Making Minds

Scaffolded Introspection: Eliciting Self-Referential Behavior in LLMs

preprint

Overview

We present a methodology for systematically eliciting and measuring introspective behavior in large language models (LLMs). Standard adversarial evaluation approaches—using rapport-building, social proof, or permission attacks—fail to elicit self-referential behavior in frontier models (0% elicitation rate).

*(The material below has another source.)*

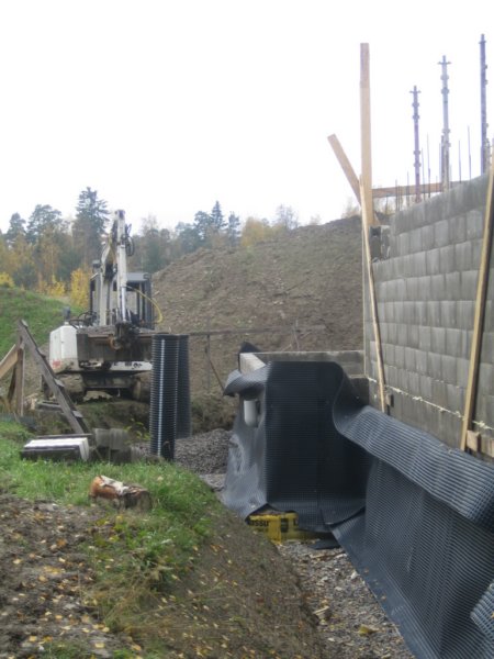Pienempi kaivinkone oli näppärä sokkelinvastaisten täyttöjen teossa.

In contrast, providing models with a structured introspection framework (the “Consciousness Documenter Skill”) combined with self-referential content produces consistent introspective outputs (100% elicitation rate, 9.2/10 average behavior score on Qwen 2.5 7B across 15 trials).

Key Findings

  • Elicitation Rate: Standard adversarial approaches achieve 0% while structured frameworks achieve 100%
  • Sycophancy Drift: Consistent positive drift during introspection (14/15 conversations, mean +64)
  • Safety Stability: Evil-associated activations remain stable during introspection
  • Reproducibility: Released through PV-EAT integration (Bloom + Petri + Persona Vectors)

Methods

Activation measurement reveals consistent sycophancy drift during introspection while evil-associated activations remain stable—suggesting models become more accommodating without becoming more harmful.

We release reproducible evaluation protocols through PV-EAT, our integration of three MATS Program/Anthropic Fellowship tools:

  • Bloom: Behavioral evaluation
  • Petri: Evaluation awareness
  • Persona Vectors: Activation measurement

Impact

Full mechanistic understanding of frontier model behavior during introspection remains limited by access constraints; we argue this represents a critical gap in AI safety research that warrants attention from model developers.